We had pointed out the possibility of an evening star pattern in the weekly candlestick chart of both the Sensex and the Nifty in our last column. While confirmation in the form of further decline was not received last week, we have a gravestone doji formation in both charts this week. As the name signifies, this pattern also occurs towards the end of an uptrend and signals that supply is increasing at higher levels.
Oscillators signal that the long-term trend continues to be up in the Sensex and the Nifty though the medium term trend is slightly under pressure. The same is true of the short-term trend too. It is poised in the neutral region pointing southward, but has not reversed lower yet.
Sensex (19,760.3)
The Sensex rose to the intra-week peak of 20,254 before erasing all the gains on Thursday. As far as the short-term outlook is concerned, the index can decline to the support zone around 19,564. Recent trough formed at this juncture and the presence of Fibonacci retracement support here makes it a good level from where a short-term rebound can happen. The 50-day moving average present in the vicinity at 19,616 adds to the relevance of this level.
Rebound above 19,560 can result in the index moving higher to 19,937 or 20,200 in the near term. Short-term investors need to stay wary as long as the index trades below 20,200. This level needs to be breached to clear the way for rally to 20,443.
Decline below 19,560 can result in the index extending its decline to 19,293 or 19,022. Short-term view will turn negative only on move below 19,000.
The medium-term trend in the Sensex, however, continues to be up and our view for this time-frame has not altered. Key medium term support exists at 18,144. As long as the index holds above this level, the possibility of a break higher to 21,000 remains open. This trend will turn negative only on strong move below 18,000.
Nifty (5,985.9)
The Nifty hit the intra-week high of 6,133 before reversing lower last week. The short-term trend is down in the index but it is nearing key support at 5,936. The presence of the 50-day moving average in this zone also makes it an important support. Reversal from here can take the Nifty higher to 6,050, 6,120 or 6,230 in the near term.
Conversely, decline below 5,936 can result in further decline to 5,850 or 5,760. Short-term trend will turn negative only on decline below 5,760.
The medium-term trend in the Nifty continues to be up. This trend will be threatened only on close below 5,477. As long as the index holds above this level, the possibility of break-out to 6,301 or higher remains open.
Global cues
Most global markets extended their declines last week. The European indices were the exception with the DJ Euro STOXX 50 index closing with gains.

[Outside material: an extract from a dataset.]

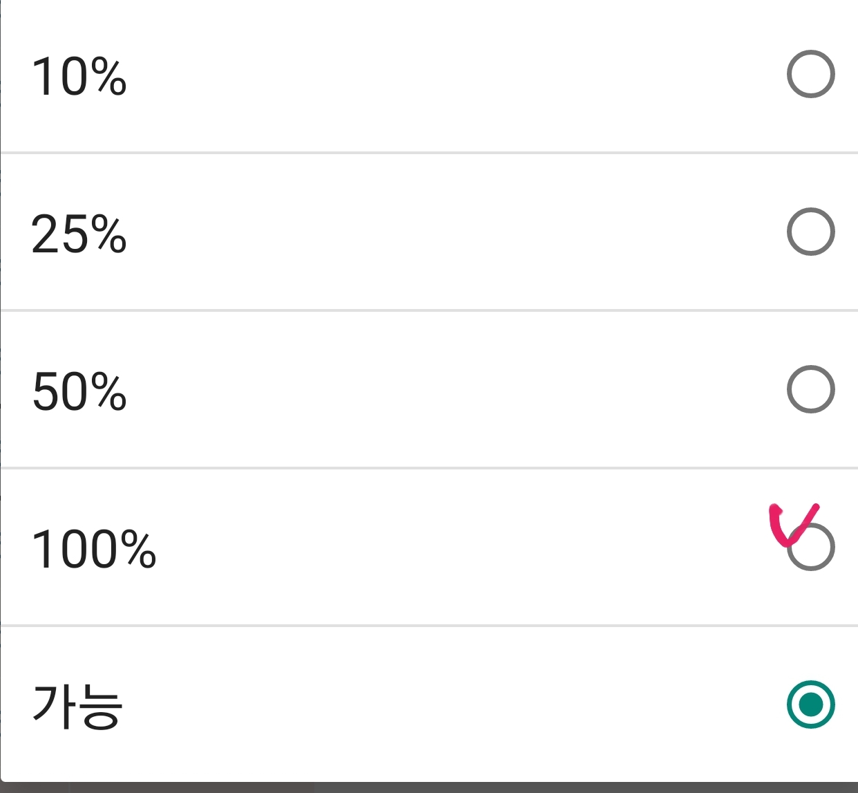 4. 수량 옆 가능을 선택 후 100% 입력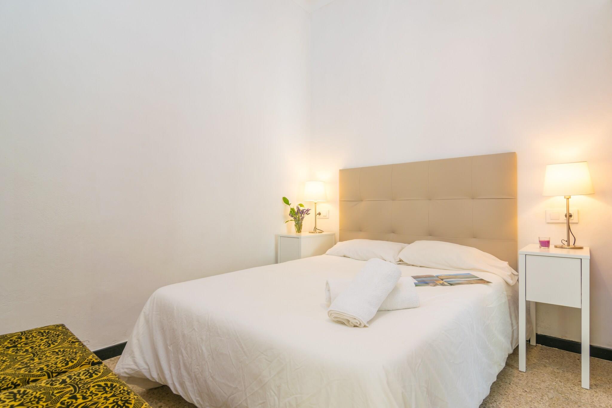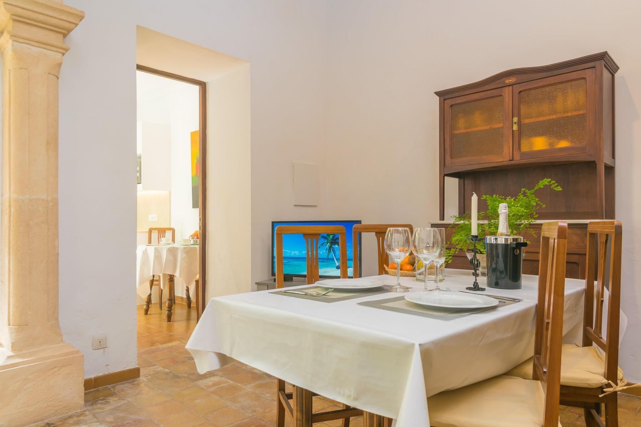 En smuk indvendig gårdhave, med et udendørs spisebord og også en brønd, inviterer til at slappe af og nyde frokoster og middage under lysthuset. Herfra kan du gå ovenpå til den øverste terrasse, hvor du kan solbade på en af liggestolene eller blot betragte den dyrebare stjernehimmel på øen. Resten af denne øverste etager er lukket. Huset ligger inden for gågaden i landsbyen, og der er naboer. Huset har kun en etage. Fra terrassen får du kun adgang til stue-spisestuen, der har en sofa og en lænestol til at se tv eller endda læse en bog samt et spisebord til 4 middagsgæster. Umiddelbart efter har du adgang til køkken-alrummet, der også har udgang til terrassen. Det er uafhængigt og er udstyret med keramisk kogeplade, ovn og et bord med stole til din morgenmad. Der er vaskemaskine, strygejern og strygebræt. For at få adgang til soveværelserne, med dobbeltseng og garderobe, kan du gøre det gennem en smuk entré. Faktisk er et af de mest imponerende elementer i huset dets store entré, hvor alle de traditionelle elementer fra den mallorcanske arkitektur, såsom brostensbelægning eller buen, der giver dig adgang til stuen, er blevet respekteret. Alcúdia er en af de smukkeste destinationer på Mallorca. Det udgør et mytisk sted takket være dets utrolige mure og dets skikke. Det er et fredeligt sted, men på samme tid er det virkelig livligt, da det har endeløse barer, restauranter, butikker, isbarer osv. Torsdage og søndage er der et fantastisk marked. Turistlicens: ETV/10082

A final-hour sell-off in the US markets on Friday caused the Dow Jones Industrial Average to close the week with 187 points loss.
This decline made traders panic sending the CBOE volatility index up to 16.3. Close above 18 is needed to signal that this index is launching a medium-term uptrend.
That will happen if the Dow continues its downward trajectory. An evening star pattern in the weekly chart of the Dow is a cause for concern. But the index will need to close below 14,300 to signal a reversal in the short-term uptrend.
Else the index will be on course to achieve its next medium-term target of 15,677.
Rupee watch
The rupee tumbling 1.6 per cent also added to the trepidation last week. The Indian currency has lost 5 per cent since the beginning of this month and is placed close to its life-time low at 57.3.
This is the immediate support to watch. Reversal from here will pull the rupee back to 53 or 51.
Break of this level will imply that the down-move from July 2011 peak at 43.8 has resumed.
Minimum target in this event would be 61.9.